Shares in NYSE-listed U.S.-flag tanker and ATB operator Overseas Shipholding Group Inc. (OSG) were trading up this morning on news that it has entered into a definitive merger agreement that will see it acquired by Saltchuk Resources Inc. Saltchuk first made an offer for OSG in 2021, then made a new offer in January of this year.

Under the terms of the merger agreement, family-owned Saltchuk will commence a tender offer to acquire all outstanding shares of OSG it does not already own for $8.50 per share in cash. The deal values OSG at an aggregate equity value of approximately $653 million and a total transaction value of $950 million.

The purchase price represents a 61% premium to OSG’s 30-day volume-weighted average price on January 26, 2024, the last day of trading before Saltchuk disclosed its non-binding indication of interest, as well as a 44% premium to the January 26 closing price of OSG’s shares and a 36% premium to Saltchuk’s initial indicative price of $6.25 per share.

“We are pleased to have reached an agreement that reflects our leading Jones Act business, longstanding customer relationships, and the value created by the OSG team over the past several years,” said Douglas D. Wheat, chairman of the OSG board. “Following Saltchuk’s indication of interest to buy the company at the end of january, the board of directors, with the assistance of external financial and legal advisors, undertook a review of the company’s financial and strategic alternatives, including remaining a publicly held company.
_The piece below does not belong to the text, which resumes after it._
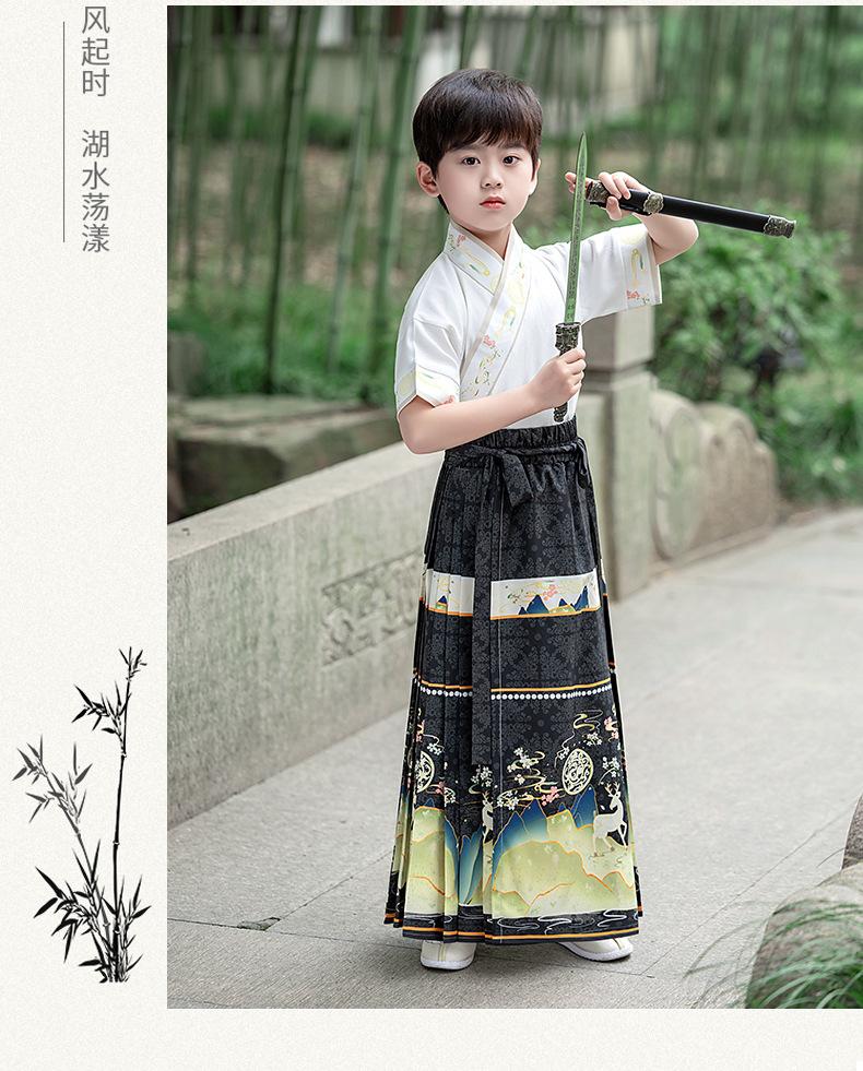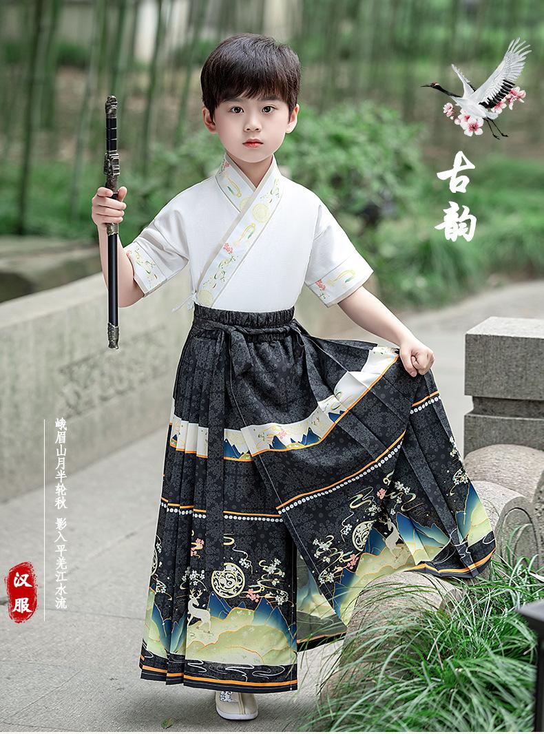 Traje Hanfu para Niños Grandes de Estilo Chino Traje Hanfu para Niños Childe Ropa para Niños de Primaria Recitación de Poesía Falda Cara de Caballo para Verano

As part of that review, the board conducted a comprehensive process in which it engaged with Saltchuk and approached and engaged with other potential transaction counterparties. Informed by its review and that process, the board firmly believes Saltchuk’s increased offer represents compelling value to, and is in the best interest of, our shareholders not affiliated with Saltchuk.”

“We are excited to enter into this new chapter together with Saltchuk, which has been a significant shareholder of OSG over the past several years and has a close understanding of our business,” said Sam Norton, OSG’s president and CEO. “Saltchuk’s operating companies have distinguished themselves in their respective segments, and this transaction partners us with an organization that shares our values and focus on customers. We are thrilled to soon join the Saltchuk family of companies.”

Mark Tabbutt, chairman of Saltchuk Resources, said: “OSG, our nation’s leading domestic marine transporter of energy, has a strong cultural fit with Saltchuk and shares our commitment to operational safety, reliability, and environmental stewardship. On behalf of the Saltchuk organization, we look forward to welcoming more than 1,000 members of the OSG team to our family of companies and growing the enterprise through multi-generational investments.”

Following the close of the transaction, OSG will operate as a standalone business unit within Saltchuk, becoming a member of a family of companies that includes such well-known U.S. maritime players as TOTE, Foss and Young Brothers.

The transaction is not subject to a financing condition. It will be funded through a combination of committed debt financing and cash on hand.

Evercore is acting as exclusive financial advisor to OSG and Fried, Frank, Harris, Shriver & Jacobson LLP is acting as legal advisor to OSG. K&L Gates LLP is acting as legal advisor to Saltchuk and BDT & MSD Partners is acting as Saltchuk’s financial advisor.